Deutlich besser stehen die Chancen, wenn wir uns auf die Suche nach einem alternativen Zahlungsmittel beschränken. Noch immer werden weit über 80% des bilateralen Handels der BRICS-Staaten in US-Dollar abgewickelt. Um daran etwas zu ändern, bedarf es keiner neuen Währung. Beispielsweise haben Brasilien und China vor wenigen Monaten vereinbart, im Handel untereinander möglichst auf den Dollar zu verzichten und weitgehend in ihren Lokalwährungen zu zahlen. Diese strukturellen Verschiebungen im Auslands-Zahlungsverkehr verdienen mehr Aufmerksamkeit als die utopische Idee einer gänzlich neuen Währung. Schon in naher Zukunft sollten immer mehr bilaterale Export-Import-Verträge ohne den Dollar auskommen. Sogar am Rohstoffmarkt, wo in der Vergangenheit absolut kein Weg um den US-Dollar herumführte, gibt es inzwischen Kontrakte in anderen Währungen.

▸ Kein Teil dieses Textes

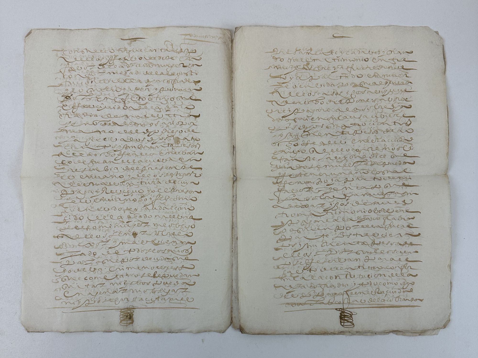 Spain, 1630. Legal Document (w. 8.5 in. x h. 12 in.), 5 pages. A manuscript legal document on vellum, written in letra procesal, dated 1630. In Very Good condition overall with age toning, wear to corners and edges (with a few small tears along edges and creases), and a 3 in. x 3 in. tear to final leaf.
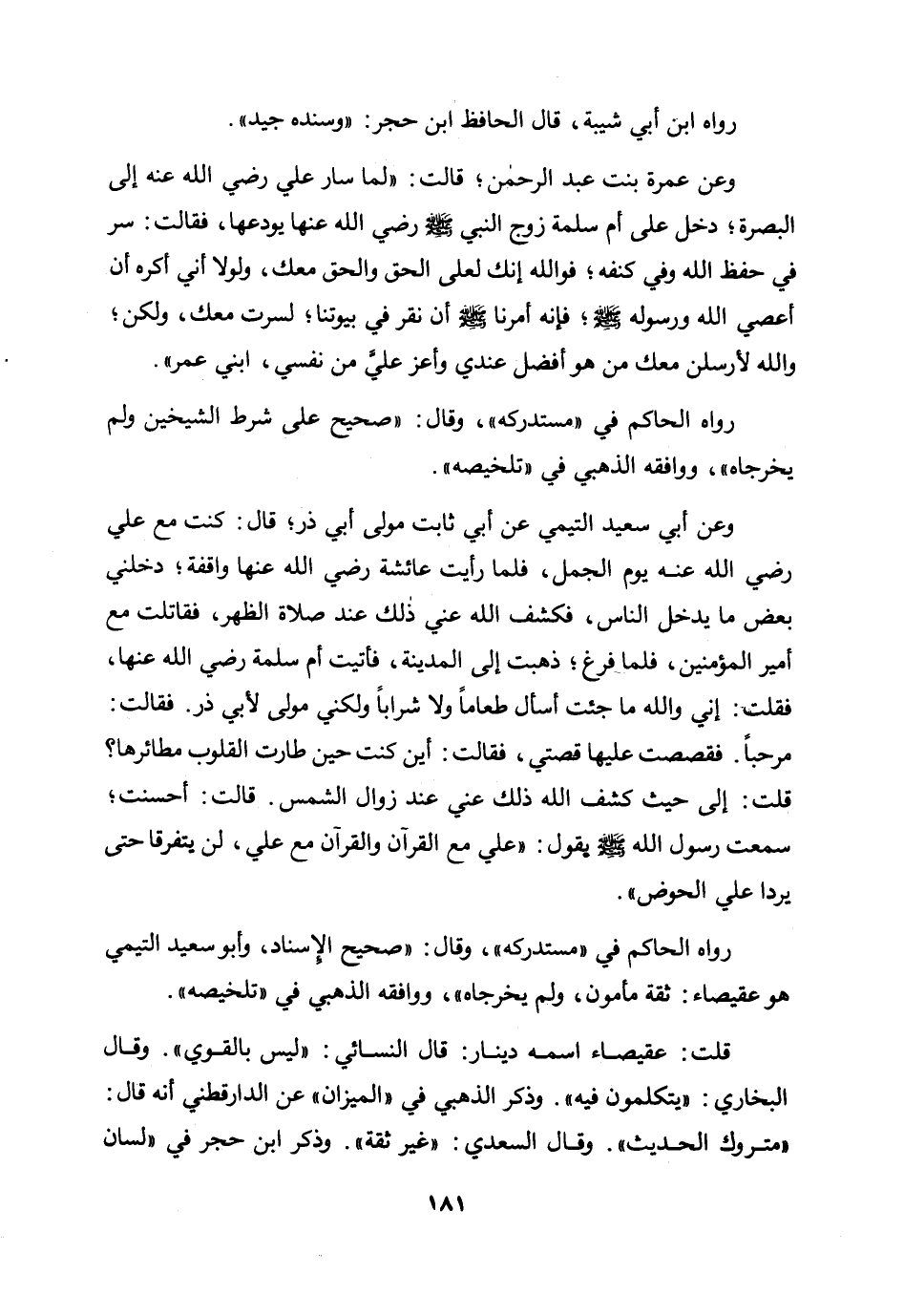 وعن أبي سعيد التيمي عن أبي ثابت مولى أبي ذر؛ قال: كنت مع علي رضي الله عنه يوم الجمل، فلما رأيت عائشة رضي الله عنها واقفة؛ دخلني بعض ما يدخل الناس، فكشف الله عني ذلك عند صلاة الظهر، فقاتلت مع أمير المؤمنين، فلما فرغ ذهبت إلى المدينة، فأتيت أم سلمة رضي الله عنها، فقلت: إني والله ما جئت أسأل طعاما ولا شرابا ولكني مولى لأبي ذر. فقالت: مرحبا. فقصصت عليها قصتي، فقالت: أين كنت حين طارت القلوب مطائرها؟ قلت: إلى حيث كشف الله ذلك عني عند زوال الشمس. قالت: أحسنت؛ سمعت رسول الله صلى الله عليه وسلم يقول: «علي مع القرآن والقرآن مع علي، لن يتفرقا حتى يردا علي الحوض» .
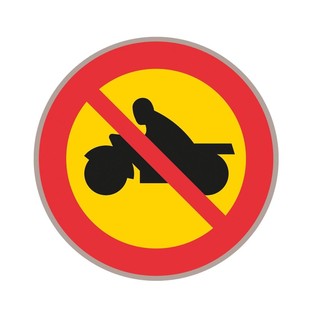 C5. Förbud mot trafik med motorcykel och moped klass I, plastskylt.
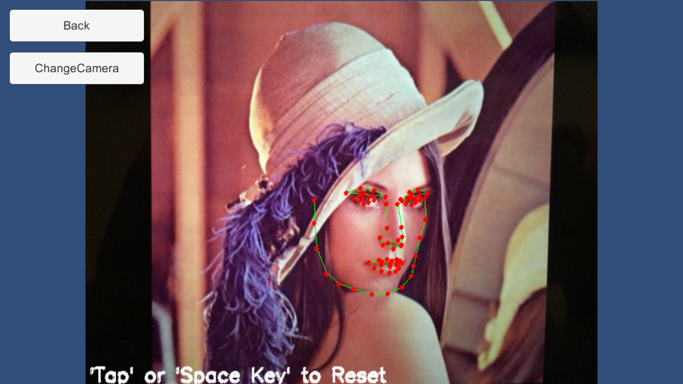 ・Texture2DFaceTrackerExample - By detecting and tracking face from Texture2D, draw face’s points and connections.
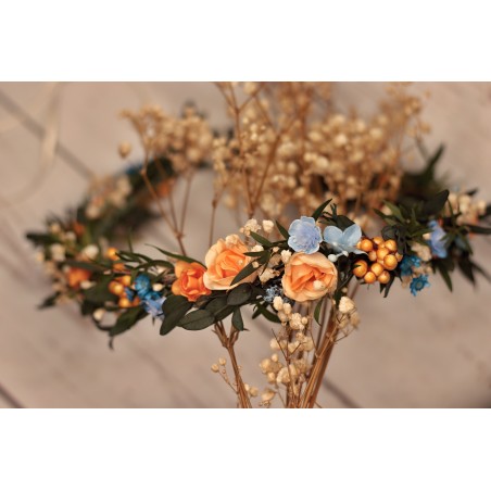 květinový věneček s umělými, sušenými a konzervovanými květinami
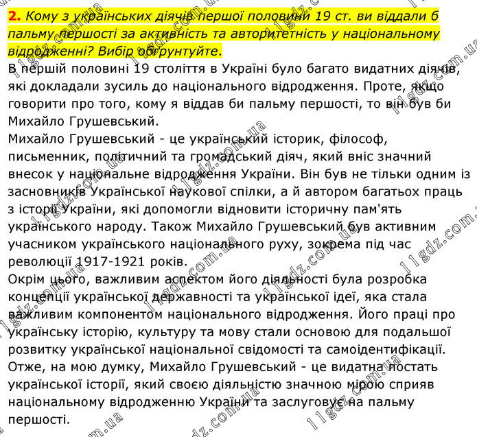 Кому з українських діячів першої половини 19 ст. ви віддали б пальму першості за активність та авторитетність у національному відродженні? Вибір обґрунтуйте. В першій половині 19 століття в Україні було багато видатних діячів, які докладали зусиль до національного відродження. Проте, якщо говорити про того, кому я віддав би пальму першості, то він був би Михайло Грушевський. Михайло Грушевський - це український історик, філософ, письменник, політичний та громадський діяч, який вніс значний внесок у національне відродження України. Він був не тільки одним із засновників Української наукової спілки, а й автором багатьох праць з історії України, які допомогли відновити історичну пам'ять українського народу. Також Михайло Грушевський був активним учасником українського національного руху, зокрема під час революції 1917-1921 років. Окрім цього, важливим аспектом його діяльності була розробка концепції української державності та української ідеї, яка стала важливим компонентом національного відродження. Його праці про українську історію, культуру та мову стали основою для подальшої розвитку української національної свідомості та самоідентифікації. Отже, на мою думку, Михайло Грушевський - це видатна постать української історії, який своєю діяльністю значною мірою сприяв національному відродженню України та заслуговує на пальму першості.

Das soll nicht heißen, dass irgendeine Alternative erkennbar wäre, die dem Greenback dessen globalen Spitzenplatz streitig machen könnte - nur von seinem Status als unantastbar, unfehlbar und frei von jeglicher Konkurrenz wird er sich wohl früher oder später verabschieden müssen. Auf den Euro wartet hierdurch nicht etwa die Chance auf einen neuen, strukturellen Vorteil. Ganz im Gegenteil: Der Euro bietet weder die Skaleneffekte, die der globale USD-Einsatz bringt, noch die gewünschte politische Emanzipation von der westlichen Dominanz. Er könnte zum weinenden Dritten im Machtkampf zwischen US-Dollar und BRICS werden.